*Exercise instructions:* Here is a listing. Set it down again exactly.

*Information provided:*
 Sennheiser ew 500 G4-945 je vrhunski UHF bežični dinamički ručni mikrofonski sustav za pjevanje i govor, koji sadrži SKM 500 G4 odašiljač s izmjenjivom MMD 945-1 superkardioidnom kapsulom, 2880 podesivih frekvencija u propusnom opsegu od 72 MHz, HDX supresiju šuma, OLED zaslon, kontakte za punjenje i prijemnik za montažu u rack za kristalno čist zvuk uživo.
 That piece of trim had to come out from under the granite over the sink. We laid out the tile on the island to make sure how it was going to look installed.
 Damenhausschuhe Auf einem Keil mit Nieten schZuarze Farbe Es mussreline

*Exercise answer:*
 Sennheiser ew 500 G4-945 je vrhunski UHF bežični dinamički ručni mikrofonski sustav za pjevanje i govor, koji sadrži SKM 500 G4 odašiljač s izmjenjivom MMD 945-1 superkardioidnom kapsulom, 2880 podesivih frekvencija u propusnom opsegu od 72 MHz, HDX supresiju šuma, OLED zaslon, kontakte za punjenje i prijemnik za montažu u rack za kristalno čist zvuk uživo.
 That piece of trim had to come out from under the granite over the sink. We laid out the tile on the island to make sure how it was going to look installed.
 Damenhausschuhe Auf einem Keil mit Nieten schZuarze Farbe Es mussreline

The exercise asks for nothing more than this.